One of my areas of interest is how commercial video games – not the educational efforts you remember playing on the BBC Micro at school, but the big “triple A” commercial releases such as Civilization and Assassin’s Creed – have already helped make us better-educated, well-rounded people. For this view to be accepted, however, it often feels as though the image of video games, and that of the people who play them, must first be defended, and explained.
My office colleagues, for example, provide some not inconsiderable evidence for the defence, and certainly don’t fit the image of the borderline sociopathic, culturally myopic Neanderthals so often associated with “gamers” in the media, and in the eyes of deluded, corrupt politicians. In an office of four, three of us are men (or, at least, very large boys) in our thirties, who have grown up with video games. Like the current generation of ‘digital natives’, for whom Google, Wikipedia and Facebook are part of the furniture, our generation is arguably that of the ‘gaming native’.

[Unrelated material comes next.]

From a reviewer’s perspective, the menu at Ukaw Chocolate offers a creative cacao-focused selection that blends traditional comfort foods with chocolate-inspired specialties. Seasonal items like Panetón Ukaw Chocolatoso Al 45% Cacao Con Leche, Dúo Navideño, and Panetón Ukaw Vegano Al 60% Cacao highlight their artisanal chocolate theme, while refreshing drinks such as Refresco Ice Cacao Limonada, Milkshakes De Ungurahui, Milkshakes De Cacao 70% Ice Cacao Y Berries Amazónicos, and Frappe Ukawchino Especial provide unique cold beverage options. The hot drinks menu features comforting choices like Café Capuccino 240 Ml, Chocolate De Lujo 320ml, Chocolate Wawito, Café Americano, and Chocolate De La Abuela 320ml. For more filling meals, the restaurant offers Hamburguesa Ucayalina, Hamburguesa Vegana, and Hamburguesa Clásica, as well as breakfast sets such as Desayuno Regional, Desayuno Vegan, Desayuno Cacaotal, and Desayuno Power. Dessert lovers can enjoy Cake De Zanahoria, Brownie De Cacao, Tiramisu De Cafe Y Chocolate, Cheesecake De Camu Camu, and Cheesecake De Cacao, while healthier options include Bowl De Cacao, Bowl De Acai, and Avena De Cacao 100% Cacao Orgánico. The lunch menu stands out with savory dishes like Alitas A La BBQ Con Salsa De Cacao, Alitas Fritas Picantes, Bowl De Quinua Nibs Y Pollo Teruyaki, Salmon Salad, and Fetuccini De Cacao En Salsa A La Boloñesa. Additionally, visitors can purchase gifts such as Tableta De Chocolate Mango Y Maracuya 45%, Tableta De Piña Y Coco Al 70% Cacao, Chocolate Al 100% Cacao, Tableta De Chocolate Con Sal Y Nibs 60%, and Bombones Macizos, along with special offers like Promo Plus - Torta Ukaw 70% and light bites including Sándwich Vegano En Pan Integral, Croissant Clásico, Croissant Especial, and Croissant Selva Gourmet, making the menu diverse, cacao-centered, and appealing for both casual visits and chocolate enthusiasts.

Weaned on the Nintendo Entertainment System, Sinclair Spectrum and Acorn Electron – and still playing today on our PS3s, Xbox 360s and Wiis – we’ve pretty much turned out, well, alright. We all hold down jobs in academia and between us have degrees in Law, English, Geology and Information Technology, plus one PhD almost in the bag and another about to begin. We all have partners, children, mortgages and a slight propensity for beer. We’re pretty normal, and officially Not Sociopathic.

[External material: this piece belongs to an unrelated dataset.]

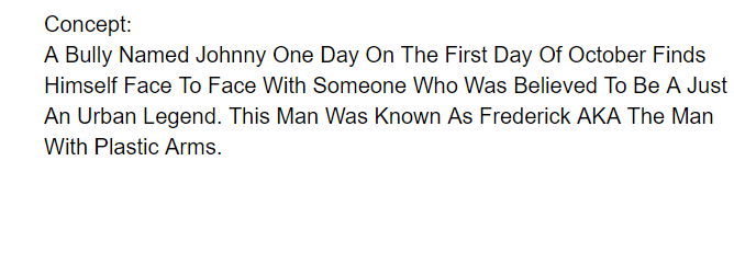Now this concept I had for awhile. I created Fredrick after hearing a story one of my teachers told the class. It was basically a story about a nightmare. She saw a tall man with a black hat that was so big that it covered most of his face. And he had plastic arms. Often the plastic man would strangle her with his cold plastic hands. Now this dream was a dream that she had for awhile until she found a way to stop having it.

One of our number, who admits to learning what the Manhattan Project was from Civilization*, is something of an oracle on all things historical and cultural – particularly when it comes to the Classics. He’s also equally comfortable with the idea of decapitating a Goblin Warlord in Oblivion, or shooting a fleeing suspect in the back in L.A. Noire. The second of my officemates, one of the most erudite gentlemen you’ll ever meet, is equally adept at explaining binary translation technologies as he is recounting the bloody demise of some on-screen foe, or contributing to the body of online Dark Souls knowledge. These two sets of skills complement one another: possessing both has not yet resulted in bloody violence spilling over into our research activities.

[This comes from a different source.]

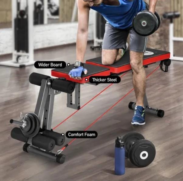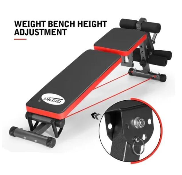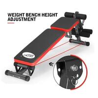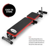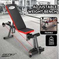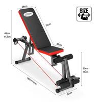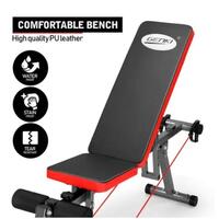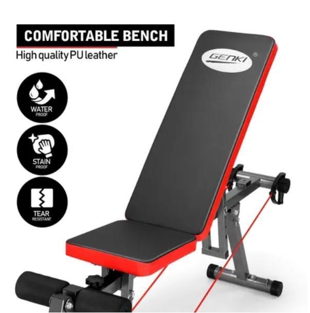 The heavy-duty powder-coated steel frame, thick soft foam cushioning and a durable waterproof PU leather cover make the Genki Black and Red Adjustable Weight FID Bench is a sturdy support for the ultimate tough workouts. With the maximum capacity of 150kg, the weight bench is suitable for different fitness projects, such as chest presses, crunches, dumbbells workouts and shoulder presses. Featuring multiple position-adjustment on the back, seat and leg, this weight bench set is designed with three position models including flat, incline and decline, which are adjustable according to your preference and needs. Elastic ropes are included for stretching and kicks are for dumbbells storage. Start your home gym or backyard workout journey now!

And what of that fourth colleague, so far unaccounted for? Well, she has learned to tolerate the game-related office chat, and become quite adept at filtering out the admittedly inane discussions that focus on the merits of a +5 Drake Sword versus the +4 Lightning Spear. One could argue that video games, however indirectly, have blessed her with an understanding of the art of selective listening.
* He’s keen to stress that he learned this as a teenager, who shouldn’t necessarily have known the de facto name of the nuclear programme that gave the world atomic bombs.